5. Figuring out an eating schedule that works for me. Throughout most of my journey, I ate very little breakfast. In fact, my "breakfast" was just a 120 calorie fiber granola bar, with some snacks a few hours later before lunch. Even now I have a 250 calorie breakfast between 9 and 10 and don't eat lunch until 1-2. I also ate dinner late, after 8pm. So, pretty much breaking all the "rules" about when you should eat. But this worked out well for me. I found if I ate a bigger breakfast, I was more hungry throughout the day. Again, not everyone has these results.

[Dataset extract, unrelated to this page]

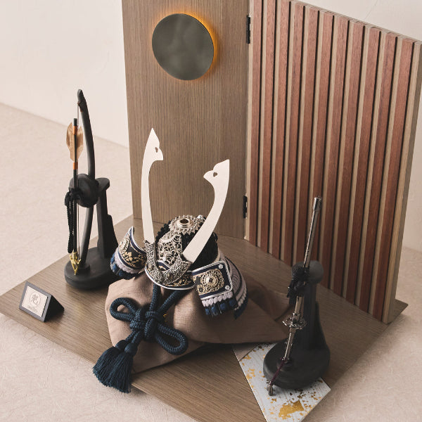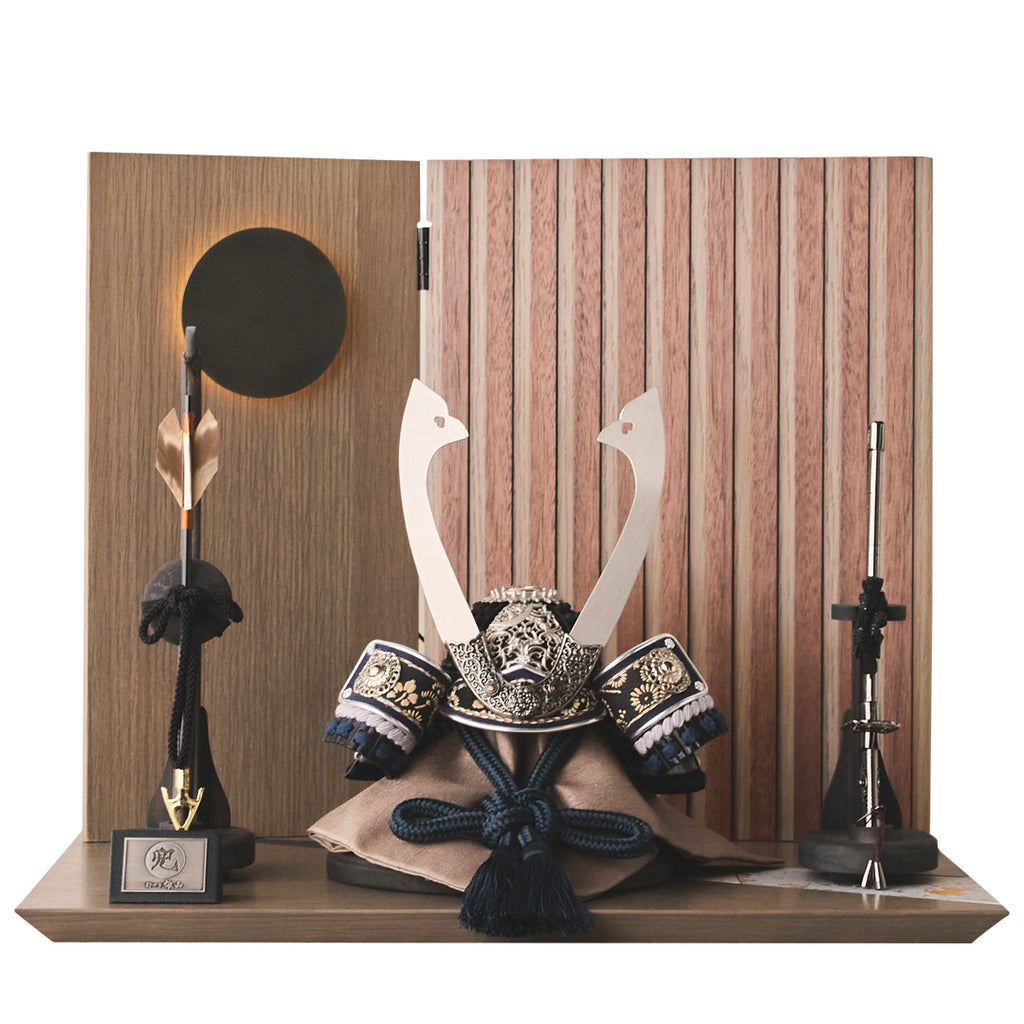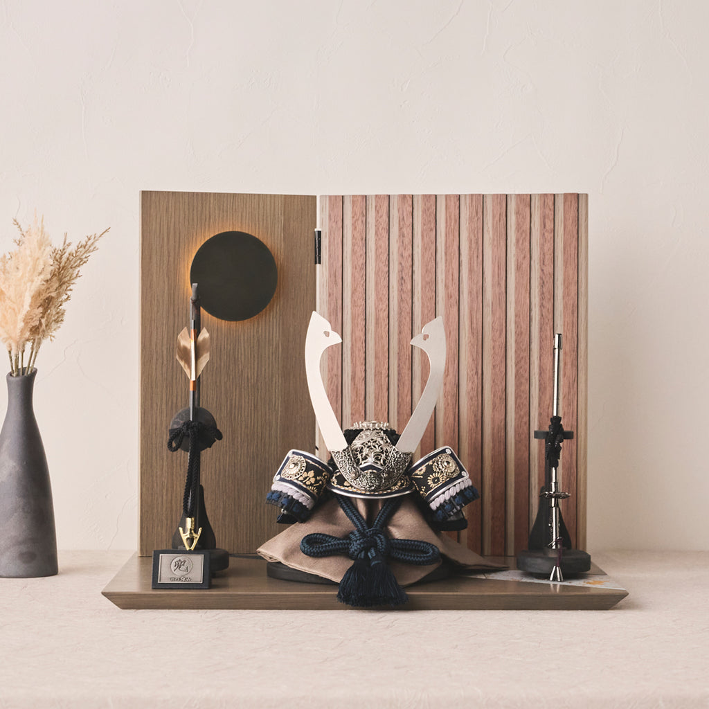 漆黒の艶消し塗装を施した、シックな印象の兜飾り

6. Every now and then, just letting go. Over Christmas, we visited SO's family for a week. They are not healthy eaters. So, for that week, instead of stressing and agonizing and not enjoying myself, I just ate what they ate. I ate cookies, fried foods, everything. And you know what? I didn't gain anything...I felt like total crap and I think my digestive system wanted to kill me, but I didn't gain anything. I didn't lose, but I didn't gain. I got back on track after New Years, but those two weeks were a huge eye opener for me, sometimes you just have to enjoy life and what comes along with it.
Fitness Minutes: (35,001)
5,088 2/27/13 2:50 P
No specific diet for me, just continuously improving my diet over time and counting calories. It worked because I never deprived myself, I didn't go for a crazy quick fix to drop weight quickly and I knew how much I was eating. It took a long time but I've learned so much. Even though I reached my goal, I'm still making improvements to my diet and challenging myself with different workout routines.